* _Provided material_:
= Beginning of Section =
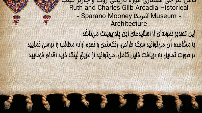 پاورپوینت کامل طراحی معماری موزه تاریخی روث و چارلز گیلب Ruth and Charles Gilb Arcadia Historical Museum – آمریکا – Sparano Mooney Architecture
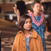 A student and several others standing outdoors, apparently waiting to enter Pacific University's annual Lu'au circa 1970.
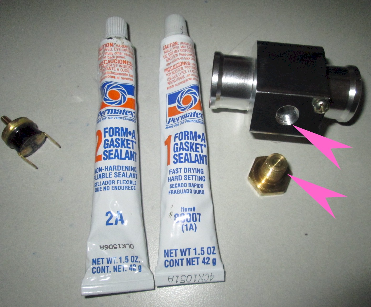thursday evening was in the 60s and my car ran between 195 and 205 degrees on hwy and fans for the most part did not come on. today was probably around 50 degrees and my fans never came on except when i stopped for gas with engine running and engine ran about 190+- most of the time. i'm thinking that when the summer rolls aroubnd, i will need to seal up any gaps in my radiator ducting and may need to go to a 180 degree thermo switch? right now i have a 190 thermostat in engine and a 190 thermo switch on radiator hose. i did end up using pipe tape to make the seal in the npt thread between thermo switch and the aluminum radiator hose housing. the tape though may have contributed to keeping the switch from going in deep and keeping it more away from the main water flow then had i not used it. though i did not think the switch would be deep enough to be in the flow no matter what i did. best of all, i do not need to manually plug my fans into power every time i drive. Attached thumbnail(s) Attached image(s)
= End of Section =
* _Task to carry out_: Write the listing out in full, exactly; no images.

* _Finished exercise_:
 پاورپوینت کامل طراحی معماری موزه تاریخی روث و چارلز گیلب Ruth and Charles Gilb Arcadia Historical Museum – آمریکا – Sparano Mooney Architecture
 A student and several others standing outdoors, apparently waiting to enter Pacific University's annual Lu'au circa 1970.
thursday evening was in the 60s and my car ran between 195 and 205 degrees on hwy and fans for the most part did not come on. today was probably around 50 degrees and my fans never came on except when i stopped for gas with engine running and engine ran about 190+- most of the time. i'm thinking that when the summer rolls aroubnd, i will need to seal up any gaps in my radiator ducting and may need to go to a 180 degree thermo switch? right now i have a 190 thermostat in engine and a 190 thermo switch on radiator hose. i did end up using pipe tape to make the seal in the npt thread between thermo switch and the aluminum radiator hose housing. the tape though may have contributed to keeping the switch from going in deep and keeping it more away from the main water flow then had i not used it. though i did not think the switch would be deep enough to be in the flow no matter what i did. best of all, i do not need to manually plug my fans into power every time i drive. Attached thumbnail(s) Attached image(s)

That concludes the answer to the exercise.